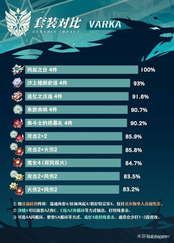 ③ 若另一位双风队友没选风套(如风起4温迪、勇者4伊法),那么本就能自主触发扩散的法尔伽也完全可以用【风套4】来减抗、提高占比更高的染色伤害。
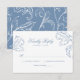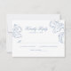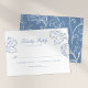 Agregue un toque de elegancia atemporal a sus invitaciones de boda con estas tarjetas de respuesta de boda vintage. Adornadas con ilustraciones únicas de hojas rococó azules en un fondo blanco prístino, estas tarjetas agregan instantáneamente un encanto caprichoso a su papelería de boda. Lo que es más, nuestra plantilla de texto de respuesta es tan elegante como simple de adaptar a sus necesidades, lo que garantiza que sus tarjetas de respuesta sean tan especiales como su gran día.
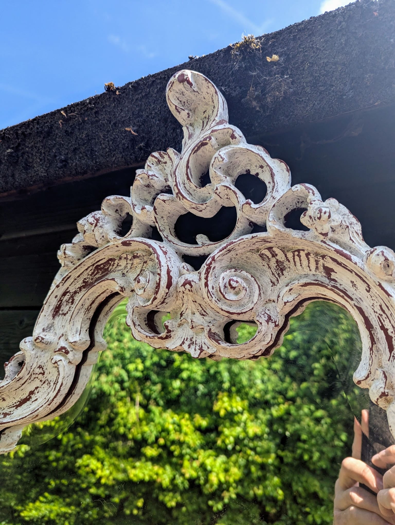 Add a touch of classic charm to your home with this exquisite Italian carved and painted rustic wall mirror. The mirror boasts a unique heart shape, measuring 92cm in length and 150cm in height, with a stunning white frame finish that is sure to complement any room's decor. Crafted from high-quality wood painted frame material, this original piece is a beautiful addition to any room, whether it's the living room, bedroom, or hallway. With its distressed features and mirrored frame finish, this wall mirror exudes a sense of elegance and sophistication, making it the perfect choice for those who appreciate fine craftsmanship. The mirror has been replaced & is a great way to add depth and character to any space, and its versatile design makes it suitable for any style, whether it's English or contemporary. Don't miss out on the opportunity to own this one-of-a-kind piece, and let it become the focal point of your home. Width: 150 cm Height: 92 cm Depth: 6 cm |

________________________________________

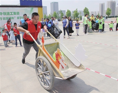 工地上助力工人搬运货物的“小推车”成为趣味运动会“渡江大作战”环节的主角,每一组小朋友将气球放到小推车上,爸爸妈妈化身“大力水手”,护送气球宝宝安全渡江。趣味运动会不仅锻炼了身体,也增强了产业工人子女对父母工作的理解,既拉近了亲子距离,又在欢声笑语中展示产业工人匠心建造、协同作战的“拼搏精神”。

________________________________________

## [Exercise brief]
Repeat exactly, and only, the entries from the line with "③ 若另一位双风队友没选风套" through the line with "Add a touch". Pictures are skipped.

## [Answer]
 ③ 若另一位双风队友没选风套(如风起4温迪、勇者4伊法),那么本就能自主触发扩散的法尔伽也完全可以用【风套4】来减抗、提高占比更高的染色伤害。
 Agregue un toque de elegancia atemporal a sus invitaciones de boda con estas tarjetas de respuesta de boda vintage. Adornadas con ilustraciones únicas de hojas rococó azules en un fondo blanco prístino, estas tarjetas agregan instantáneamente un encanto caprichoso a su papelería de boda. Lo que es más, nuestra plantilla de texto de respuesta es tan elegante como simple de adaptar a sus necesidades, lo que garantiza que sus tarjetas de respuesta sean tan especiales como su gran día.
 Add a touch of classic charm to your home with this exquisite Italian carved and painted rustic wall mirror. The mirror boasts a unique heart shape, measuring 92cm in length and 150cm in height, with a stunning white frame finish that is sure to complement any room's decor. Crafted from high-quality wood painted frame material, this original piece is a beautiful addition to any room, whether it's the living room, bedroom, or hallway. With its distressed features and mirrored frame finish, this wall mirror exudes a sense of elegance and sophistication, making it the perfect choice for those who appreciate fine craftsmanship. The mirror has been replaced & is a great way to add depth and character to any space, and its versatile design makes it suitable for any style, whether it's English or contemporary. Don't miss out on the opportunity to own this one-of-a-kind piece, and let it become the focal point of your home. Width: 150 cm Height: 92 cm Depth: 6 cm |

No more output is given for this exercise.